Repeat all entries word for word; skip images.

BEGIN

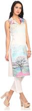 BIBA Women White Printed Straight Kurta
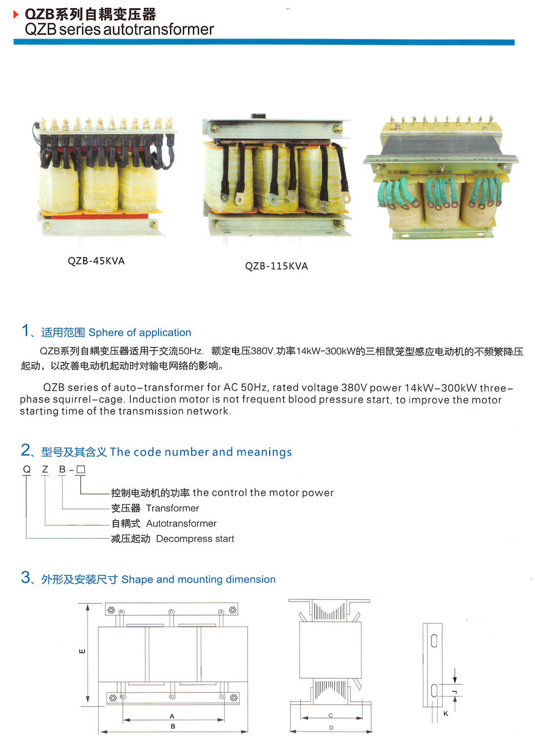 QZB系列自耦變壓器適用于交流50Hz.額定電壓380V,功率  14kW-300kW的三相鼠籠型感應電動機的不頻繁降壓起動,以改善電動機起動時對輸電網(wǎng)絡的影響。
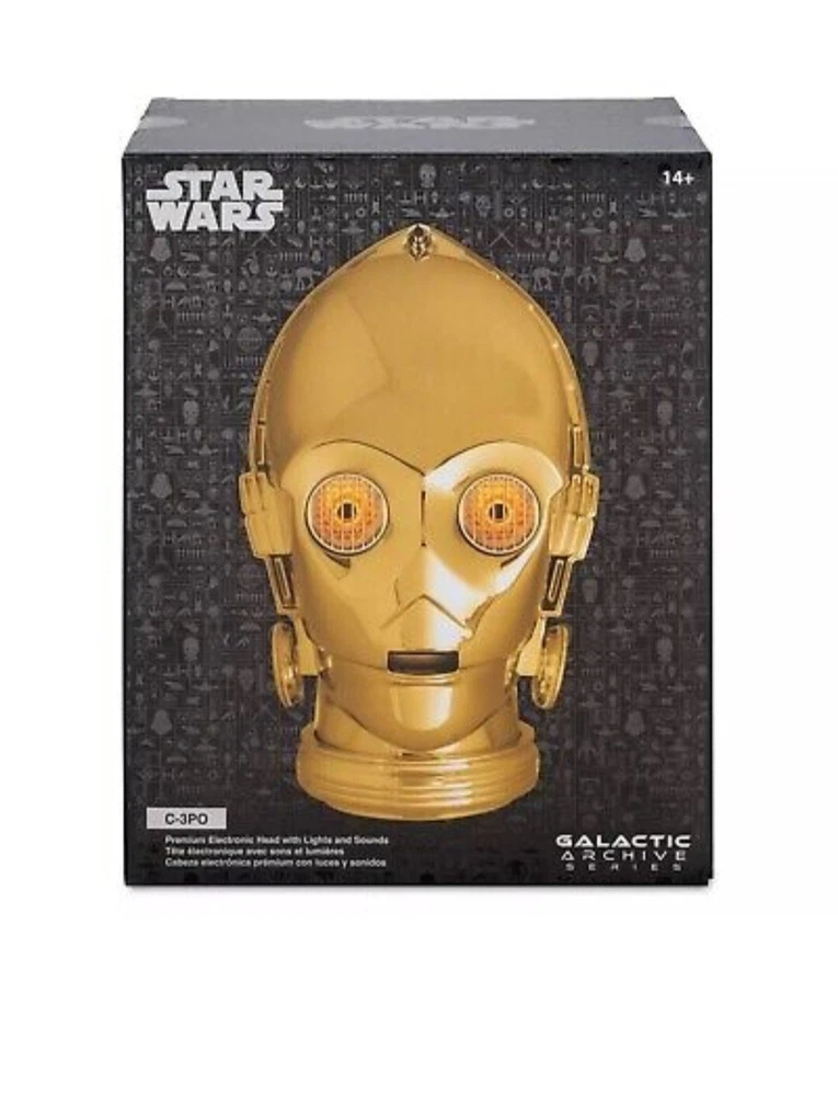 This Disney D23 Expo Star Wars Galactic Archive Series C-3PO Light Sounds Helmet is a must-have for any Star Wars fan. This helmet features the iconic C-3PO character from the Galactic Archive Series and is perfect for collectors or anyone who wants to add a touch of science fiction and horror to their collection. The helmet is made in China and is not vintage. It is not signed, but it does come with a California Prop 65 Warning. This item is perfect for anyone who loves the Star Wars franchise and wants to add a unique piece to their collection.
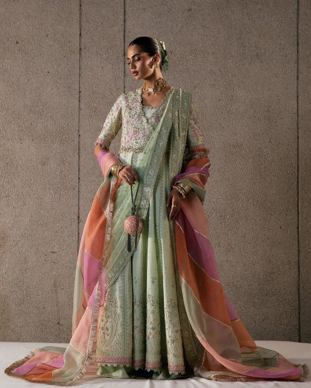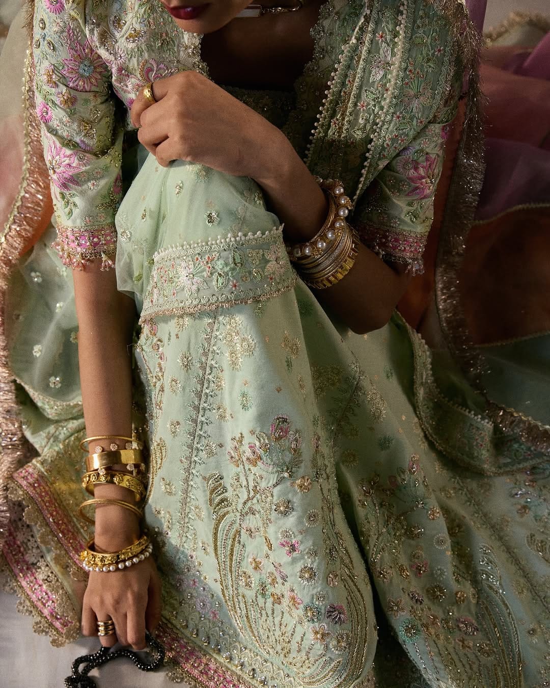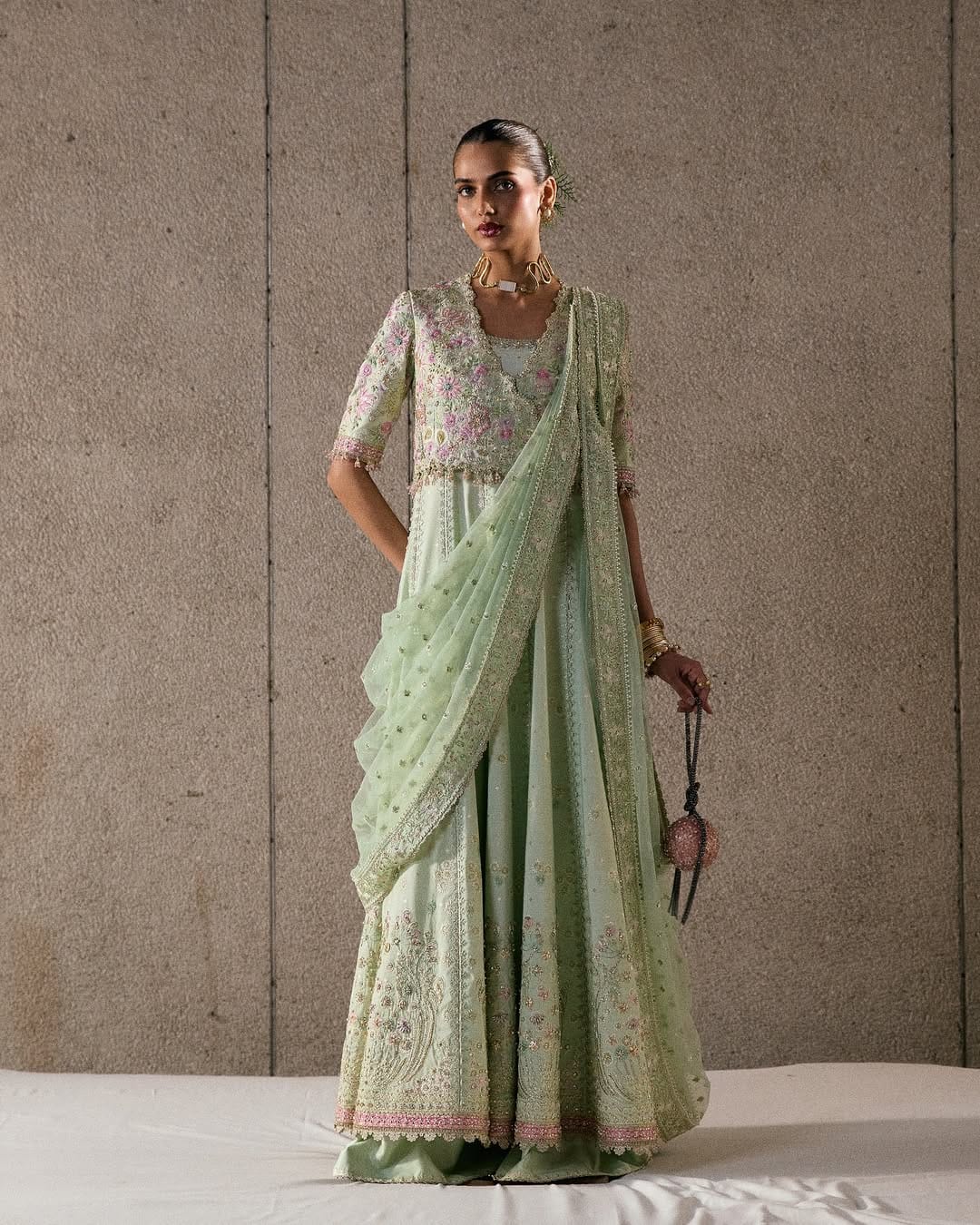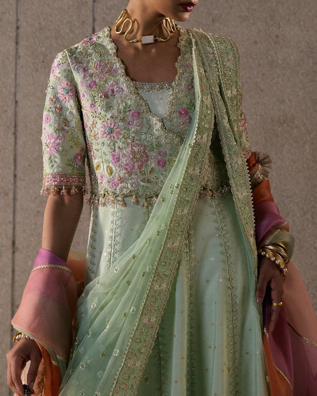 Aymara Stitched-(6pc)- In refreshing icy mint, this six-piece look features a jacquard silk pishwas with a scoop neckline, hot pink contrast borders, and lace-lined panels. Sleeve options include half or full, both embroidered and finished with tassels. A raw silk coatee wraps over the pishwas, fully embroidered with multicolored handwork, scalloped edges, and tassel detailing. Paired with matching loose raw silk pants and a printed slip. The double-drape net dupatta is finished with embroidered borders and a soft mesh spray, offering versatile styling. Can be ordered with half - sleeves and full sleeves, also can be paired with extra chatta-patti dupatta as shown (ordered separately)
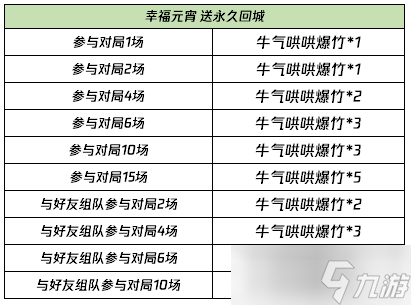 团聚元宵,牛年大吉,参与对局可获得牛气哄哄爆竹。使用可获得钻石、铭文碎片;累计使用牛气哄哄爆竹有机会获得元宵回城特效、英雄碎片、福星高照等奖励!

END

→ **SOLUTION FOR THIS EXERCISE**
 BIBA Women White Printed Straight Kurta
 QZB系列自耦變壓器適用于交流50Hz.額定電壓380V,功率  14kW-300kW的三相鼠籠型感應電動機的不頻繁降壓起動,以改善電動機起動時對輸電網(wǎng)絡的影響。
 This Disney D23 Expo Star Wars Galactic Archive Series C-3PO Light Sounds Helmet is a must-have for any Star Wars fan. This helmet features the iconic C-3PO character from the Galactic Archive Series and is perfect for collectors or anyone who wants to add a touch of science fiction and horror to their collection. The helmet is made in China and is not vintage. It is not signed, but it does come with a California Prop 65 Warning. This item is perfect for anyone who loves the Star Wars franchise and wants to add a unique piece to their collection.
 Aymara Stitched-(6pc)- In refreshing icy mint, this six-piece look features a jacquard silk pishwas with a scoop neckline, hot pink contrast borders, and lace-lined panels. Sleeve options include half or full, both embroidered and finished with tassels. A raw silk coatee wraps over the pishwas, fully embroidered with multicolored handwork, scalloped edges, and tassel detailing. Paired with matching loose raw silk pants and a printed slip. The double-drape net dupatta is finished with embroidered borders and a soft mesh spray, offering versatile styling. Can be ordered with half - sleeves and full sleeves, also can be paired with extra chatta-patti dupatta as shown (ordered separately)
 团聚元宵,牛年大吉,参与对局可获得牛气哄哄爆竹。使用可获得钻石、铭文碎片;累计使用牛气哄哄爆竹有机会获得元宵回城特效、英雄碎片、福星高照等奖励!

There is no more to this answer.